* _What needs to be done_: Copy verbatim the span of lines beginning at the line that contains "These makeup brushes" and ending with the final line of the data. Exclude pictures from the copy.
Start of Records provided
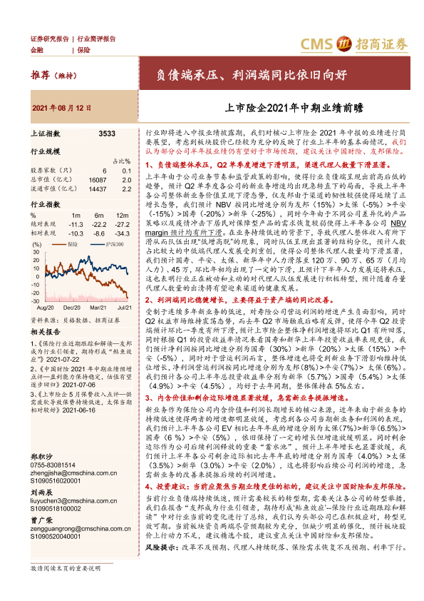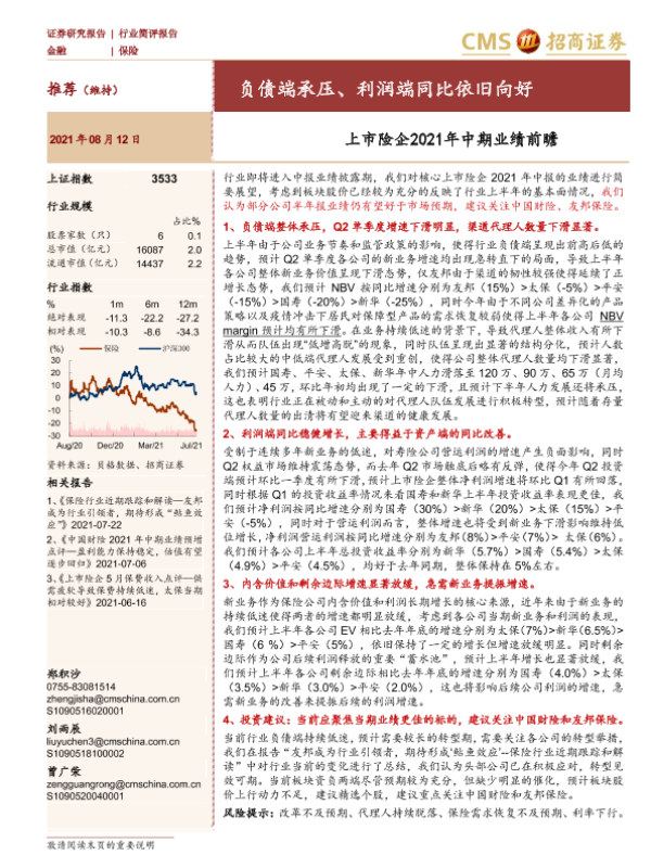 【海通证券】【20210812】上市险企2021年中期业绩前瞻:负债端承压、利润端同比依旧向好-2页
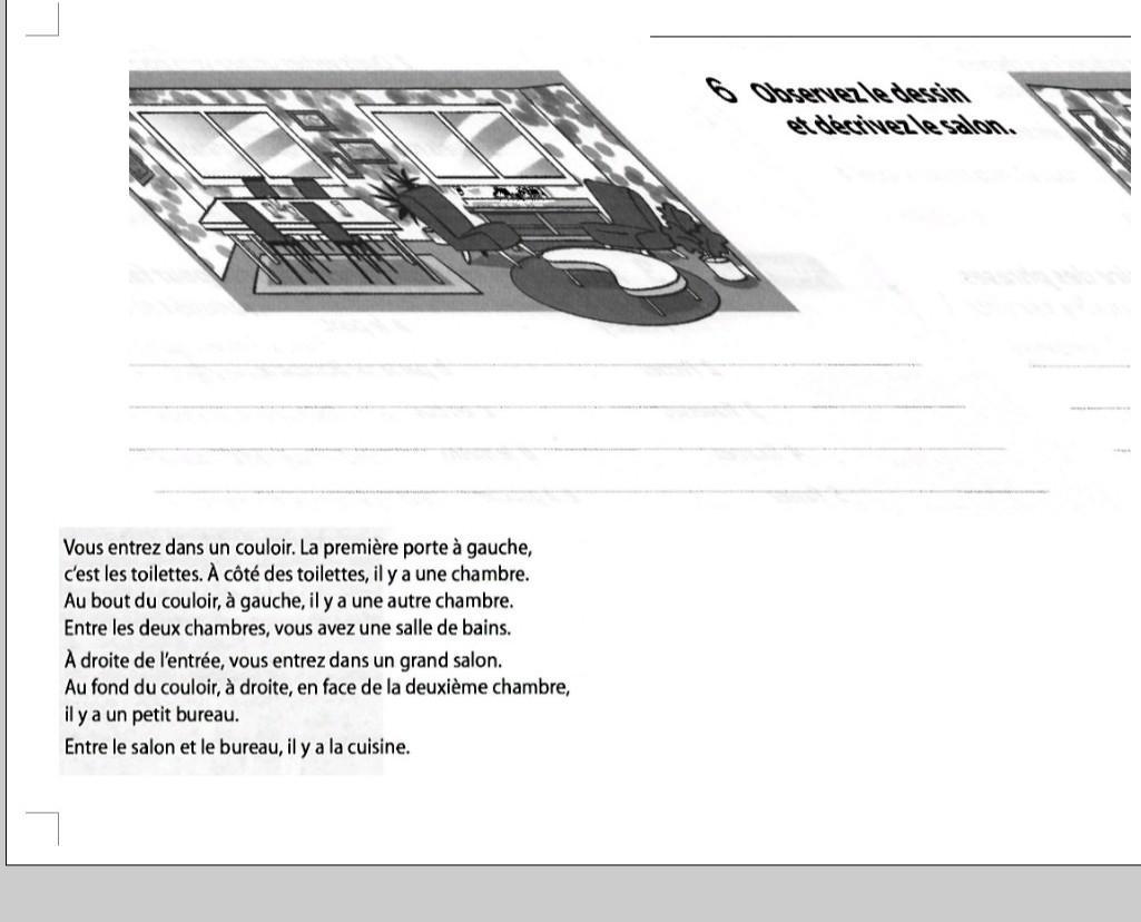 Рассмотреть рисунок и описать комнату, используя название предметов мебели, предлогов. Чтобы правильно построить предложения, используем фразы из текста под заданием
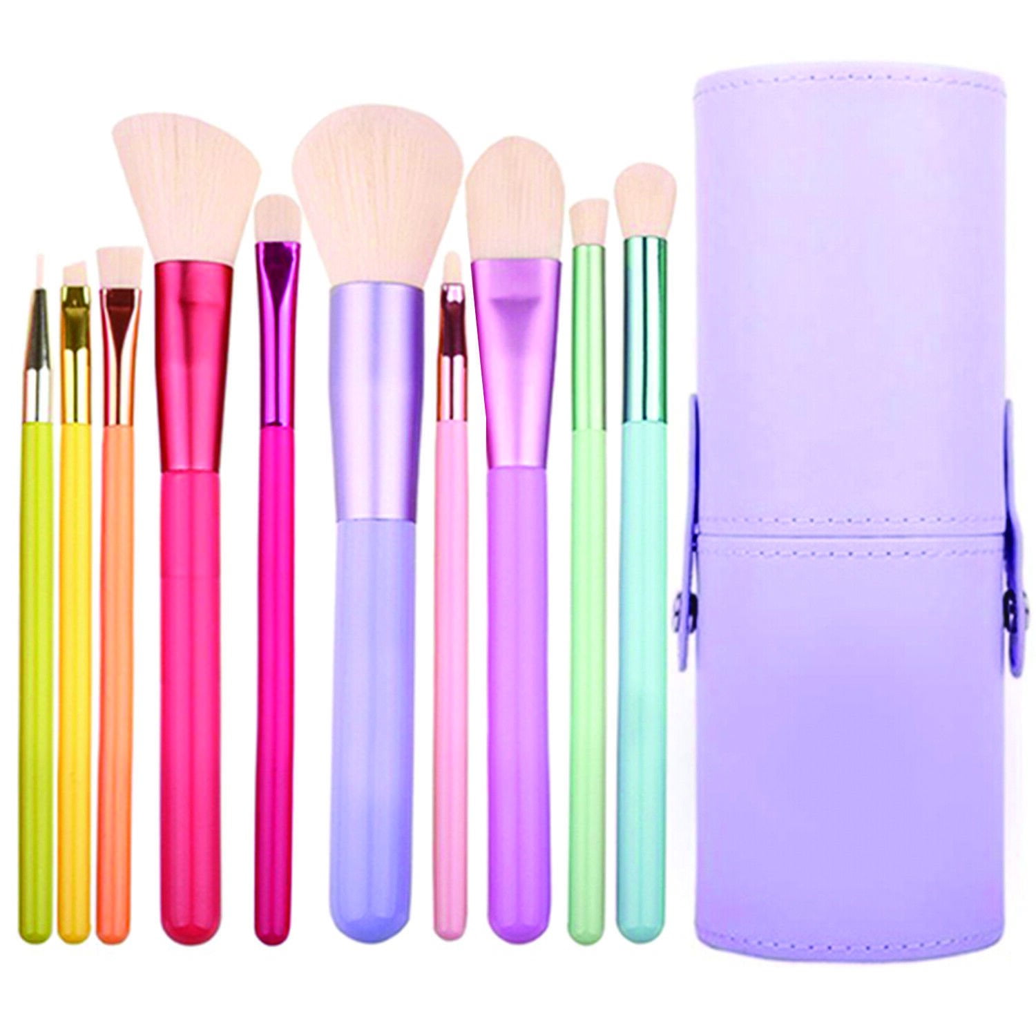 These makeup brushes are great for applying various types of makeup products and have pretty multi-colored wooden handles. It includes a travel case for easy storage.
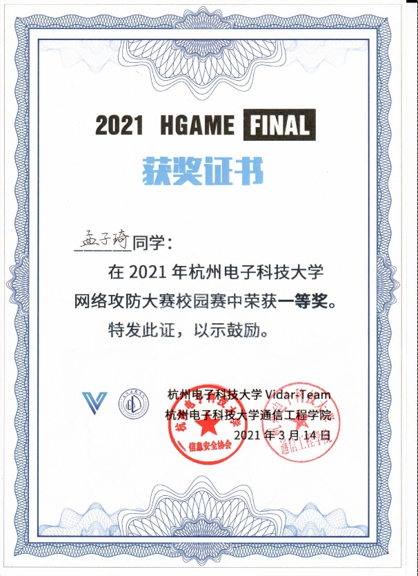 3月13日,经过1个多月的线上比赛的筛选,第七届杭州电子科技大学网络攻防大赛校园赛决赛(HGame 2021 Final)在信仁楼120实验室顺利举办。该赛事由杭电通信工程学院信息安全协会(Vidar-Team)主办,设一等奖六名,二等奖十名,三等奖若干名。
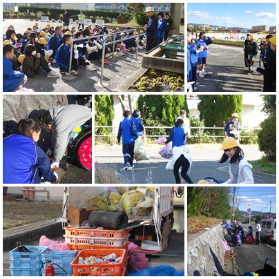 本校1年生と八幡小、原山小、萩山小及びさくらんぼ学園の児童・生徒による合同ユートピアプランを開催しました。団地内を各グループに分かれて、地域の方への感謝の気持ちを込めて地域清掃を行いました。瀬戸市環境課の方のご協力もいただき、スムーズなゴミ分別と回収を行うことができました。地域の方も一緒に活動していただきました。誠にありがとうございました。
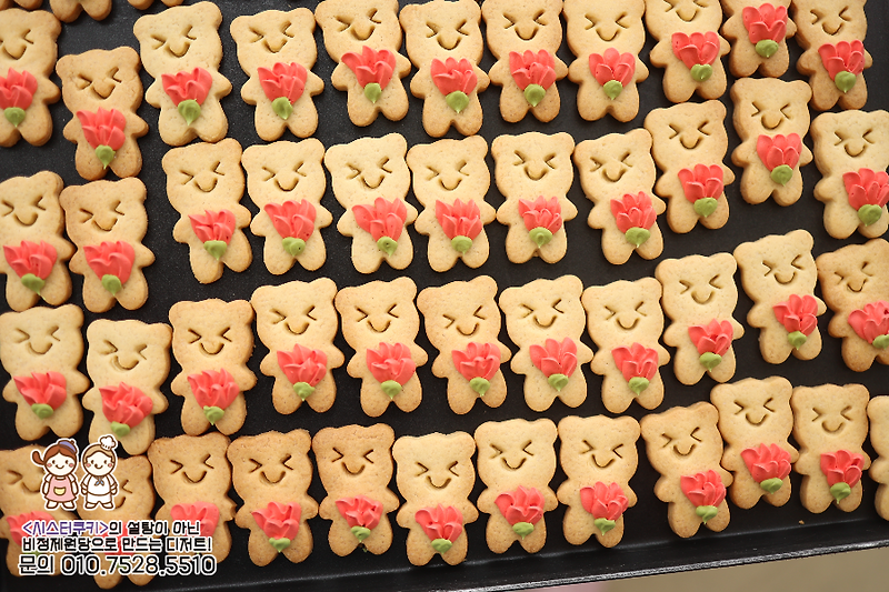 김포 장기동에 위치한 카페 시스터쿠키에요! 지금 한창 스승의날선물로 바쁜 주간인데요~ 예쁜 카네이션 들고있는 수제쿠키 곰돌이들이 너무 귀여운데 이렇게 모여있으니 더더욱 귀여운 느낌
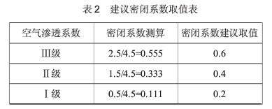 (2)密閉系數(shù)的確定和應(yīng)用:建筑物由門(mén)窗縫隙滲入的冷空氣量是由門(mén)窗兩側(cè)所存在的風(fēng)壓差和熱壓差所決定的,一般來(lái)說(shuō),風(fēng)壓差和熱壓差與建筑物的型 式、門(mén)窗所處的高度、朝向及室內(nèi)外溫差等因素有關(guān)。密閉系數(shù)(采取密閉的各種窗型測(cè)出的氣密性數(shù)據(jù)與未加密閉處理的窗型氣密性數(shù)據(jù)相比)見(jiàn)表1、表2。
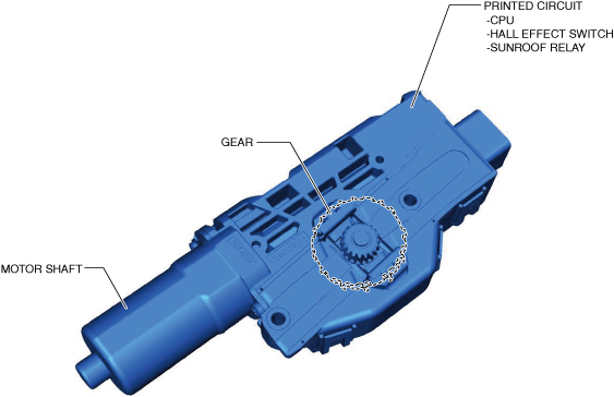 ― CPU― Hall effect switch― Sunroof relay― Motor shaft― Gear
End of Records provided
* _Written answer_:
 These makeup brushes are great for applying various types of makeup products and have pretty multi-colored wooden handles. It includes a travel case for easy storage.
 3月13日,经过1个多月的线上比赛的筛选,第七届杭州电子科技大学网络攻防大赛校园赛决赛(HGame 2021 Final)在信仁楼120实验室顺利举办。该赛事由杭电通信工程学院信息安全协会(Vidar-Team)主办,设一等奖六名,二等奖十名,三等奖若干名。
 本校1年生と八幡小、原山小、萩山小及びさくらんぼ学園の児童・生徒による合同ユートピアプランを開催しました。団地内を各グループに分かれて、地域の方への感謝の気持ちを込めて地域清掃を行いました。瀬戸市環境課の方のご協力もいただき、スムーズなゴミ分別と回収を行うことができました。地域の方も一緒に活動していただきました。誠にありがとうございました。
 김포 장기동에 위치한 카페 시스터쿠키에요! 지금 한창 스승의날선물로 바쁜 주간인데요~ 예쁜 카네이션 들고있는 수제쿠키 곰돌이들이 너무 귀여운데 이렇게 모여있으니 더더욱 귀여운 느낌
 (2)密閉系數(shù)的確定和應(yīng)用:建筑物由門(mén)窗縫隙滲入的冷空氣量是由門(mén)窗兩側(cè)所存在的風(fēng)壓差和熱壓差所決定的,一般來(lái)說(shuō),風(fēng)壓差和熱壓差與建筑物的型 式、門(mén)窗所處的高度、朝向及室內(nèi)外溫差等因素有關(guān)。密閉系數(shù)(采取密閉的各種窗型測(cè)出的氣密性數(shù)據(jù)與未加密閉處理的窗型氣密性數(shù)據(jù)相比)見(jiàn)表1、表2。
 ― CPU― Hall effect switch― Sunroof relay― Motor shaft― Gear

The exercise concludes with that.